#### SUPPLIED RECORDS
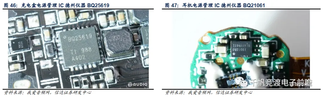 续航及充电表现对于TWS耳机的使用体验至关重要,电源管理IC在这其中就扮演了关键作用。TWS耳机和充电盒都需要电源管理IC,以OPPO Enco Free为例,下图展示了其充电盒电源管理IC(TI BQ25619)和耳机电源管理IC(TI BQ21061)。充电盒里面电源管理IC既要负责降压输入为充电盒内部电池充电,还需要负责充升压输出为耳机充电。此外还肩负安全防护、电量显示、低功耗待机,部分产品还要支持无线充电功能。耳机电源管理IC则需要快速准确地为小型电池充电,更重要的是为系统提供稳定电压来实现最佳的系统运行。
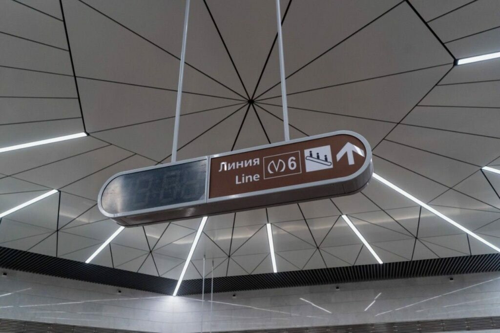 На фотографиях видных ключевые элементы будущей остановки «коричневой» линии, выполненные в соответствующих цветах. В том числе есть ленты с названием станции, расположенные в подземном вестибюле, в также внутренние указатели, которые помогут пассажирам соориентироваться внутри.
########
#### SUPPLIED RECORDS
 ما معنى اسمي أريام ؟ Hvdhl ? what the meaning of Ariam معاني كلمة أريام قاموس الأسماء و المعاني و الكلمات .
########
WHAT THE TASK REQUIRES: Give back exactly the lines above from the one with "Enco Free为例,下图展示了其充电盒电源管理IC(TI BQ25619)和耳机电源管理IC(TI" through the one with "На фотографиях видных", both included. Pictures don't belong in the copy.

WORKED SOLUTION:
 续航及充电表现对于TWS耳机的使用体验至关重要,电源管理IC在这其中就扮演了关键作用。TWS耳机和充电盒都需要电源管理IC,以OPPO Enco Free为例,下图展示了其充电盒电源管理IC(TI BQ25619)和耳机电源管理IC(TI BQ21061)。充电盒里面电源管理IC既要负责降压输入为充电盒内部电池充电,还需要负责充升压输出为耳机充电。此外还肩负安全防护、电量显示、低功耗待机,部分产品还要支持无线充电功能。耳机电源管理IC则需要快速准确地为小型电池充电,更重要的是为系统提供稳定电压来实现最佳的系统运行。
 На фотографиях видных ключевые элементы будущей остановки «коричневой» линии, выполненные в соответствующих цветах. В том числе есть ленты с названием станции, расположенные в подземном вестибюле, в также внутренние указатели, которые помогут пассажирам соориентироваться внутри.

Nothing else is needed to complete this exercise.